In traditional vehicle damage assessment processes, the metadata of the car inspection video is not checked, and edited videos can slip through as genuine assessments.

However, with an AI solution, a tampered video can't go unnoticed because the AI analyzes the video's metadata to detect any anomalies that could point to video tampering. For example, if the GPS location in the video's metadata and the car's location are not the same, it indicates the user sent a fake or tampered video. If there are multiple timestamps with breaks in between, it indicates the video has been clipped. An AI damage assessment solution can detect and deduce these anomalies.

9. Match VIN and License Plate

The VIN and registration number are unique for a vehicle and are good indicators of authenticity during an assessment. An agent or user recording an inspection video is required to also include the VIN and license plate in the shot to prove the correct car is being inspected.

However, since videos can be tampered with, a video that is shot by the user or an agent on their phones cannot be trusted even if it has the VIN and license plate in the shot.

An AI-based car damage assessment platform solves this problem. Since the video is transmitted to the platform in real-time, the user cannot doctor the video. The agent or user is required to show the VIN and license plate at the start of the video, and it can then be assumed that the rest of the video is legitimate.
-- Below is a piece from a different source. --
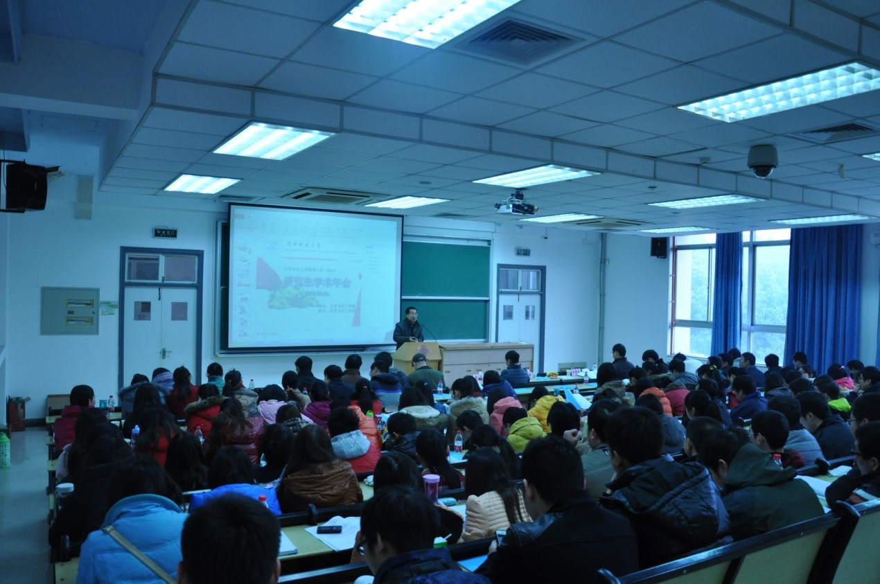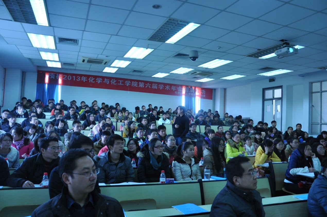 大會(huì)首先由李濤教授致開(kāi)幕詞,接下來(lái),來(lái)自藥學(xué)院的李華教授,化學(xué)與化工學(xué)院龔躍法教授,化學(xué)與化工學(xué)院夏帆教授分別在大會(huì)上做了精彩的學(xué)術(shù)報(bào)告,教授們用他們?cè)溨C的語(yǔ)言,嚴(yán)謹(jǐn)?shù)膽B(tài)度給同學(xué)們展示了高端前言的學(xué)術(shù)研究,使同學(xué)們受益匪淺,大會(huì)上同學(xué)們也積極與老師互動(dòng)交流以汲取報(bào)告的精華。

The AI solution also uses OCR to read text from the license plate, VIN, documents, and odometer and then matches it to the documents on file.

10. Detect Stickers

Pasting stickers to cover damages is a common method of defrauding an insurance or car rental company. People either cover damages completely or add stickers that make it difficult for an auto damage detection tool to detect damages.

On the flip side, people making claims sometimes add stickers that simulate damages, and these get picked up by the auto damage detection tool, thus increasing the claim's value.

Inspektlabs' AI is designed to detect stickers and deduce their purpose on the car - whether for aesthetics or to commit fraud.

Conclusion

The auto insurance and mobility players such as car rental and car auction players deal with a lot of fraud pertaining to car inspections.

However, advancements in technology have made the task of preventing auto inspection fraud easier than it used to be. Companies can now do away with manual processes and legacy technology, which are slow and error-prone, and implement modern AI-based solutions that automate and accelerate the entire inspection process.